Graph-based matrix completion   The matrix completion problem has been studied from a graph point of view previously. Monti et al. (2017) develops a multi-graph CNN model to extract user and item latent features from their respective networks and use the latent features to predict the ratings. Berg et al. (2017) directly operates on user-item bipartite graphs to extract user and item latent features using a GNN. In (Chen et al., 2005; Zhou et al., 2007), traditional link prediction heuristics are adapted to bipartite graphs and show promising performance for recommender systems. Our work differs in that we do not use any predefined heuristics, but learn general graph structure features using a GNN. Another similar work to ours is (Li and Chen, 2013), where graph kernels are used to learn graph structure features. However, graph kernels require quadratic time and space complexity to compute and store the kernel matrices thus unsuitable for modern recommender systems.

Graph pattern learning for link prediction   Learning supervised heuristics (graph patterns) has been studied for link prediction in simple graphs.
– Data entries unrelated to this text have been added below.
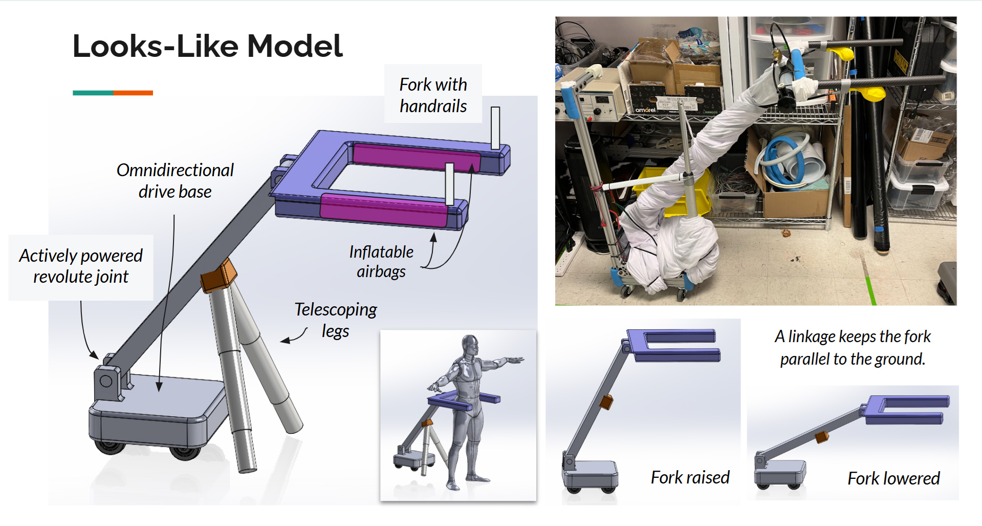 The robot functions as a pair of robotic handlebars that follows a user from behind. It can provide full bodyweight support, assist with transitions between sitting and standing, and automatically deploy side airbags to catch a person in the event of a fall.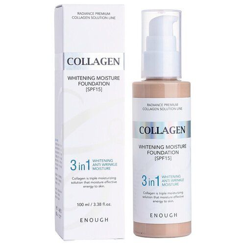 Тональный крем для лица Enough Collagen Whitening Moisture Foundation 3 In 1 обладает легкой текстурой, насыщенной пигментом, за счет чего создается невесомое пигментированное покрытие, которое с легкостью маскирует любые несовершенства кожи, придавая лицу свежий, отдохнувший и сияющий вид. Коллагеновый тональный крем выравнивает рельеф кожи, маскируя расширенные поры, создает ровное, идеально гладкое и стойкое покрытие, не утяжеляя макияж, не создавая эффекта маски или пленки на лице, не провоцируя воспалительных процессов и закупорку пор.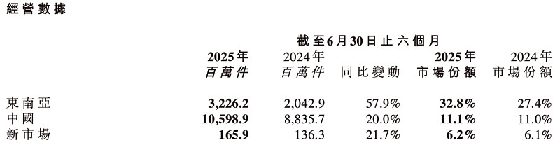 业务端,极兔通过中国、东南亚和新兴市场三大区域的战略协同与互补,构建了高效的全球网络布局,总包裹量实现27%的强劲增长。截至今年6月,公司日均处理包裹量达8120万件,创历史新高,显示出强大的运营能力和市场竞争力。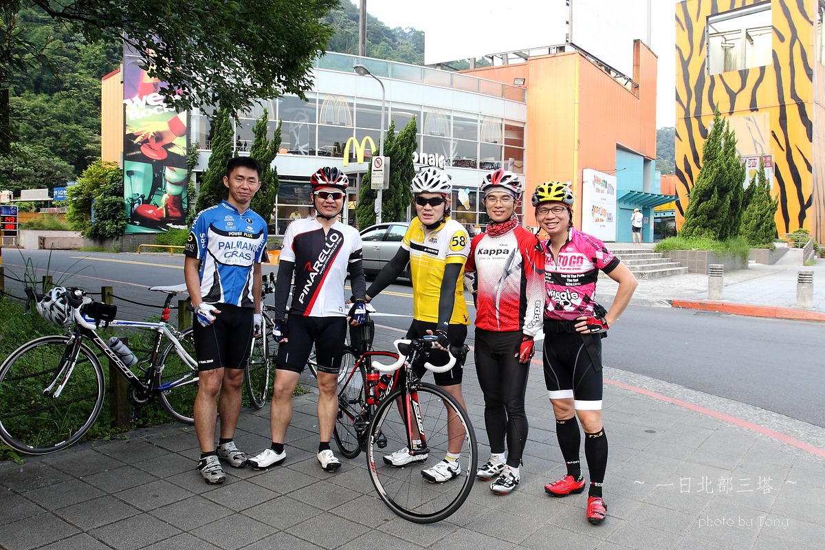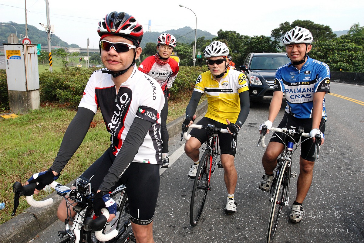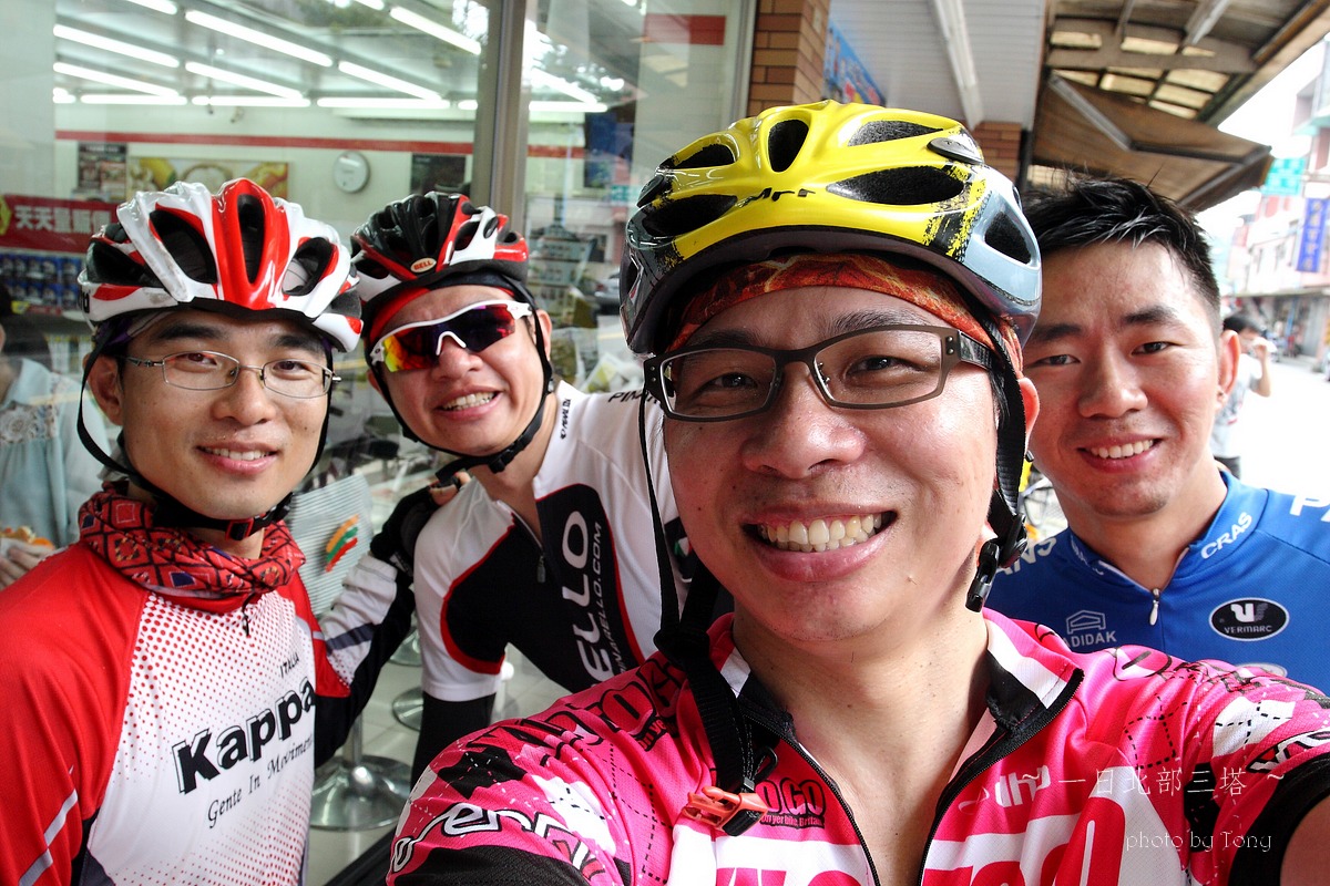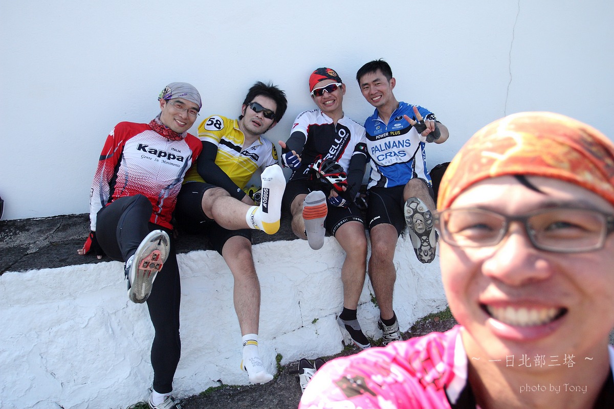 本來5月底6月初是石頭登山隊要上大小霸的日子,沒想到我老爸老媽突然說要出國去玩,那麼只好乖乖取消,老婆說我不是很想去嗎??但想到我四天不在家,老婆一個人要帶二個小的在家,我想我還是別去好了,那..不去四天,就來單車熱血一天好了~ 武嶺、一日雙北還是一日北部三塔、一日雙站(大屯山助航站+五分山氣象站)?? 一開始我和peter都傾向武嶺,但四五月的天氣實在太糟,頂多出門小繞一圈,里程數基乎都沒超過60km,這樣要去武嶺似乎會辛苦了點.. 好吧,看起來一日北部三塔似乎是相對上輕鬆的路線,只要一路上不爆衝加上好好休息很補給,應該是可以完成的~ gogogo~~ 參加人員:沒爬山一樣掛病號的stone隊長,買新車後就一直在家偷練的peter,年輕又愛跳的陳大鼓、完成226的鐵人啟村學長和怕抽筋的腿套Tony 預計行程表 06:30 動物園集合 06:40 (0K)動物園 --9.5KM-- 07:10 石碇 07:10 (9.5K)石碇 --19.1KM--08:10 十分車站 (靜安吊橋前集結,喝水) 08:10(28.6K)十分車站 --13.2KM-- 08:40 雙溪(第一次休息補給處,預計休息10-15分) 08:55(41.8K)雙溪 --20KM-- 09:45 三貂角(休息拍照,預計休息15分) 10:00(61.8K)三貂角 --7KM-- 10:20 福隆車站(吃便當??,預計休息20分) 10:50(68.8K)福隆車站 --18KM-- 11:35 鼻頭角(休息拍照,預計休息15分) 11:50(86.8K)鼻頭角 --21KM-- 12:40 基隆火車站(休息,預計休息10分) 12:50(107.8K)基隆火車站 --22KM-- 13:50 金山(休息,預計休息10分) 14:00(129.8K)金山 --17KM-- 14:50 富貴角(休息,預計休息30分) 15:20(146.8K)富貴角 --11KM-- 15:50 聖約翰大學(休息,預計休息10分) 16:00(157.8K) 聖約翰大學 --11KM-- 16:30 紅樹林捷運站 實際行程..當然是有所出入啦XDD,前半段控制的算還不錯 後來就...放牛吃草啦~ 06:00 STONE和陳大鼓來我家集合--8.14km-->動物園 06:54 動物園 --8.89KM-- 07:16 石碇 07:16 石碇 --19.31KM--08:01 十分車站 08:09 十分車站 --11.99KM-- 08:33 雙溪 08:55 雙溪 --18.19KM-- 09:36 三貂角入口 09:36 三貂角入口--1.14km--09:43 三貂角燈塔 10:11 三貂角 --8.64KM-- 10:33 福隆車站吃便當 11:03 福隆車站 --16.14KM-- 11:38 鼻頭角 11:54 鼻頭角 --17.60KM-- 12:32 基隆小7 12:58 基隆小七 --4.37KM-- 13:10 基隆港 13:14 基隆港 --19.85KM-- 14:11 金山小七 14:36 金山小七 --16.06KM-- 15:10 富貴角入口 15:10 富貴角入口 --1.17KM-- 15:17 富貴角燈塔 16:02 富貴角燈塔 --14.6KM-- 16:44 聖約翰大學 17:06 聖約翰大學 --8.97KM-- 17:28 紅樹林捷運站 17:35 紅樹林捷運站 --23.25KM-- 18:40 Home 路痴石頭隊長怕迷路,一早6:00先來我家集合,再一起到動物園去 peter帶的gopro3引起大家的注意,這次的影片就靠peter了:p gogogo~~全員五人到齊,準備出發!! ps:穿腿套真的不好看,但為了防止抽筋,只好醜一點了>"< 雖然晚了一點出發,但大家狀況好,比表定早了快十分鐘抵達 這次啟村學長是全家出動,感謝美淑一路幫忙補給,真是辛苦了!! gogogo~~往雙溪前進 ps:這次帶了30D出門,真是他XXXXX的重XDDDD,且路上也很難拿出來拍,以後還是帶S95就好! 雙溪到了,先補根香蕉 這次整路的小七都是我們的好朋友啊~ YES~09:43 第一塔到了,但上來將近1KM 10%的坡快把大家給搞死了~XDD 啟村學長說~~比猩猩這個動作..像是猩猩在抓癢= =" ya~~福隆到了,吃便當了!! 吃飽飽好繼續上路啊,行程還騎不到一半!! 呼~~鼻頭角到了,但燈塔得走進去,只好...放棄XDDD 大中午的還是得繼續趕路,終於...基隆港到了!!涼涼的海風好舒服~ 不過大家對基隆的路都不是太熟,小小迷路了一下>"<,最後先往外木山的濱海公路騎,再陡上一段才接回台二線,快把大家給操死了~ 不得不說這外木山的風景真好~~,忍不住停下來拍幾張!! 15:17 富貴角到了,騎了150KM才到..真是累死我了,那個之前快掛了的陳大鼓居然還有力氣扛著單車跳,真是年輕人啊XDD 雖然時間落後了,但離家也不是太遠了..大家就盡情休息吧~ 天黑前回到家就好!!^O^ 在聖約翰大學遇到前來情義相挺的同事LEO,感謝他一路幫我破風回家!! 本日累積距離..200K~YES,一日北部三塔平安完成 感謝大家一路相伴!!^++++++^ 一日北部三塔路徑軌跡 本次心得 1.這次怕大家體力不濟,所以設定約每20km休息一次,天氣炎熱加上之前大家訓練量不足,這樣的策略讓大家都騎完200k了,不過相對上花的時間也久了些,若還有下次,每次的距離應該要拉至25-35間比較好:p 2.中午過後,二次休息後都有輕微抽筋的感覺,推測應該是脫水太多,喝的水or運動飲料引起體內電解質不平衡的問題~ 3.回到家量體重,和前一天差了3kg,這是十年來的歷史新低吧XDDD,不過這是脫水...三天後體重就會恢復原有水準了:P 4.單眼真的好重...下次不帶了>:<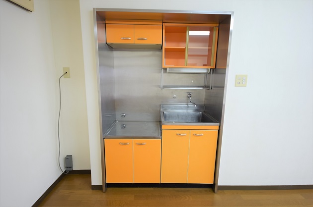 キッチンは、部屋の雰囲気を明るくしてくれるようなオレンジ色。コンロのないすっきりしたデザインはオフィスにあっても違和感を与えません。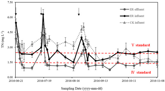 As shown in Figure 1, the TN concentration of the wastewater was greatly influenced by fertilization. The TN peak values were detected in the summer period and were much higher than 2.0 mg N L−1 (Grade V) in the surrounded water according to the China National Water Quality Standards’ definition. That means that the water influent from the CK or the ER system were both seriously polluted. However, the improvement of the quality of the wastewater under ER conditions was obvious (Figure 1). Although the water effluent was still under eutrophic conditions (Grade IV–V), or even worse (>Grade V) in some parts of the surrounded water, the TN removal capacities of the constructed vegetated drainage ditches ranged from 12.1% to 61.6% in the current study. Overall, the vegetated drainage ditch system was able to improve the retention of N nutrients, but its performance was still far from satisfactory.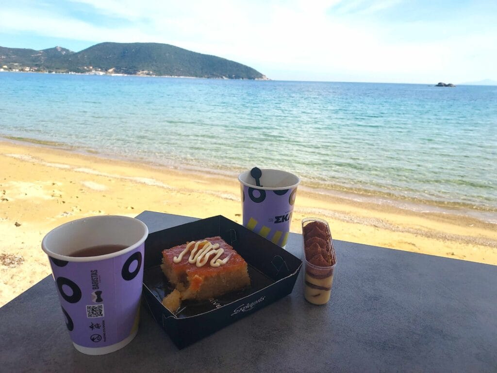 The weather was sunny, so we went cycling regularly, starting from the harbor of Nea Roda. Along the way, we stopped by the beach to enjoy a cup of coffee with a cookie at a small café.
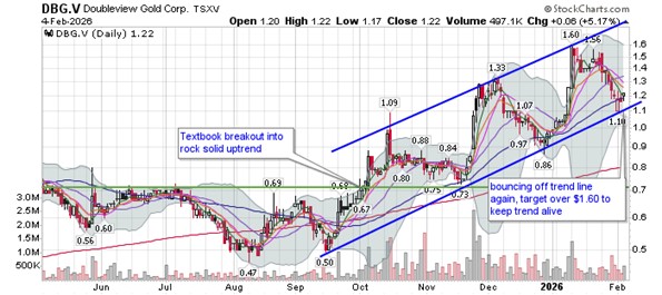 On the U.S. listing, DBLVF has mirrored the pattern, adjusted for currency exchange, with its own January high of $1.17 and current consolidation suggesting the next directional move within the established upward trend.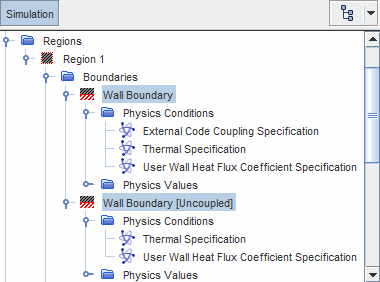 - 当将边界分配到协同仿真区域时,Simcenter STAR-CCM+ 创建一个名为 <原始边界名称> [解耦] 的额外边界。此边界包含耦合边界面,这些边界面未成功映射到合作伙伴网格上的面,因此不参与协同仿真。使用此边界来定义映射失败的面的边界条件。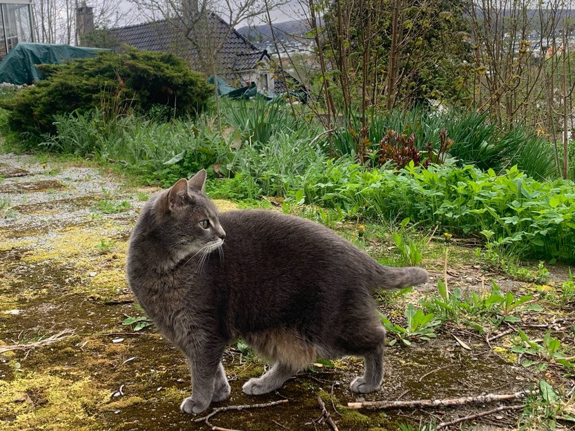 Grå, svakt tigret, Litt liten, voksen hunnkatt, lett gjenkjennelig på den korte halen.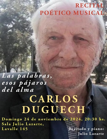 Domingo 24 de noviembre: a las 20.30, “Las palabras, esos pájaros del alma”, de Carlos Duguech. Recitado y piano: Julio Lazarte.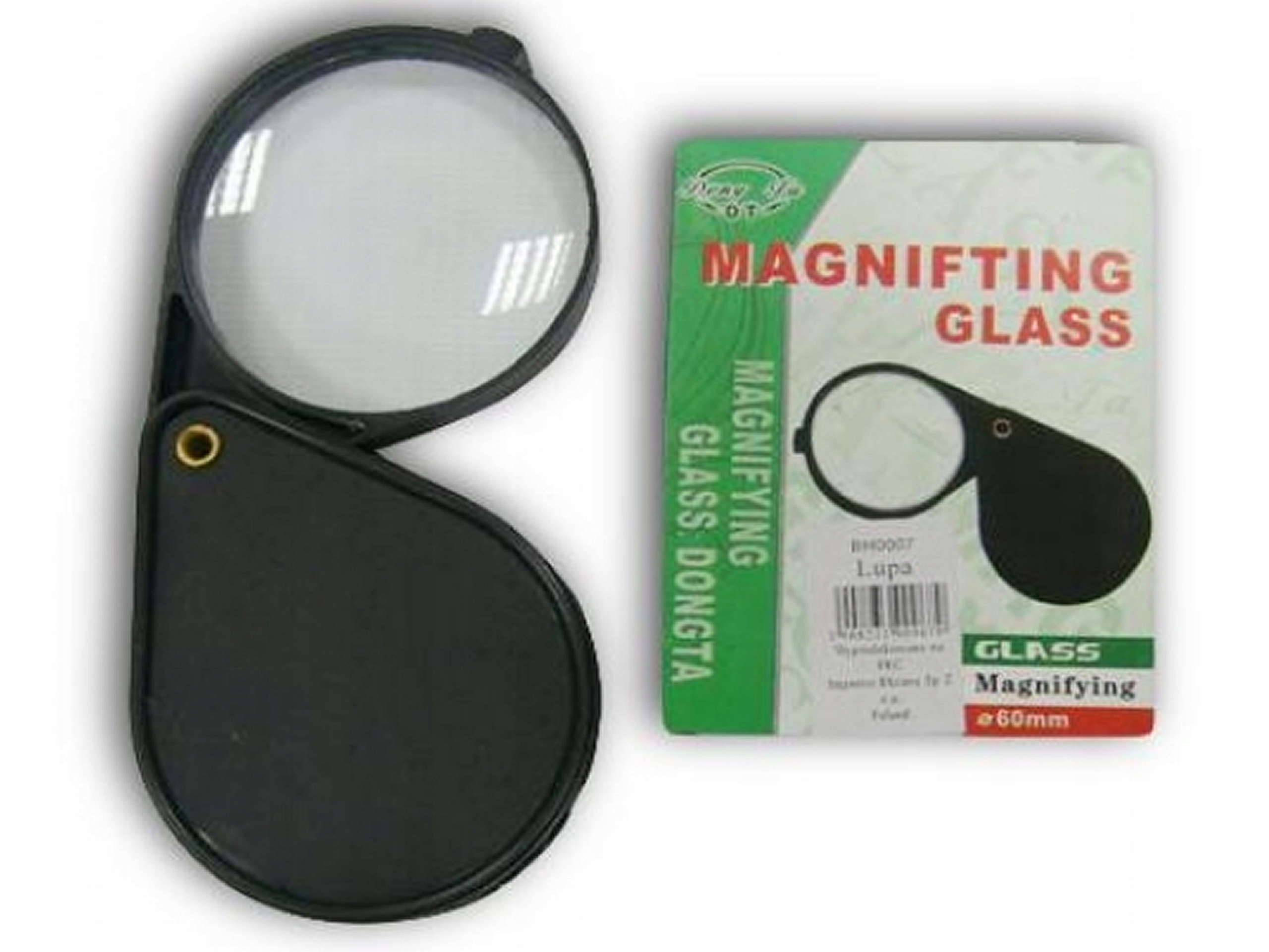 Збільшувальні скла та лупи корисні не лише в повсякденному житті під час читання газет, літератури чи етикеток. Це також базовий елемент туристичного спорядження - полегшує читання топографічних карт, можна розвести багаття тощо. Маленький і легкий, поміститься в будь-якій кишені або сумці. Також чудово підходить для освітніх заходів. Збільшенняприблизно 3x. Ця лупа має діаметр 60 мм і складається з міцної рами та пластикової або скляної лінзи. Лупи мають різну упаковку.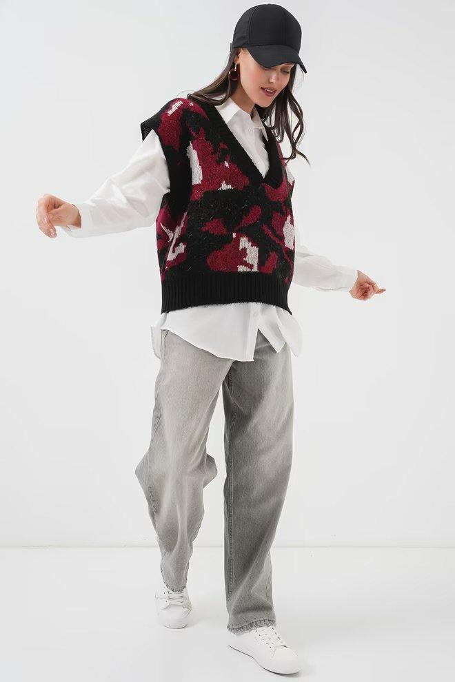 Pull sans manches noir & rouge à motif abstrait – KIARA

Zhang and Chen (2017) proposes Weisfeiler-Lehman Neural Machine (WLNM), which learns graph structure features using a fully-connected neural network on the subgraphs’ adjacency matrices. Later, they improve this work by replacing the fully-connected neural network with a GNN and achieves state-of-the-art link prediction results (Zhang and Chen, 2018). Our work generalizes this line of research to predicting labeled links in bipartite graphs.

Appendix B More Visualization Results

Here we show the visualization results for the other three datasets: Douban, YahooMusic and MovieLens, in Figure 4, 5 and 6, respectively. As we can see, high-score and low-score subgraphs show vastly different patterns in every dataset.

Figure 4. Top 5 and bottom 5 are the testing enclosing subgraphs in Douban with the highest and lowest predicted ratings, respectively. For each subgraph, red nodes in the left are users; blue nodes in the right are items; the predicted rating is shown below it. The bottom red and blue nodes are the target user and item. We visualize edge ratings using the color map shown in the right. Higher ratings are redder.
Figure 5. Top 5 and bottom 5 are the testing enclosing subgraphs in YahooMusic with the highest and lowest predicted ratings, respectively.
Figure 6. Top 5 and bottom 5 are the testing enclosing subgraphs in MovieLens with the highest and lowest predicted ratings, respectively.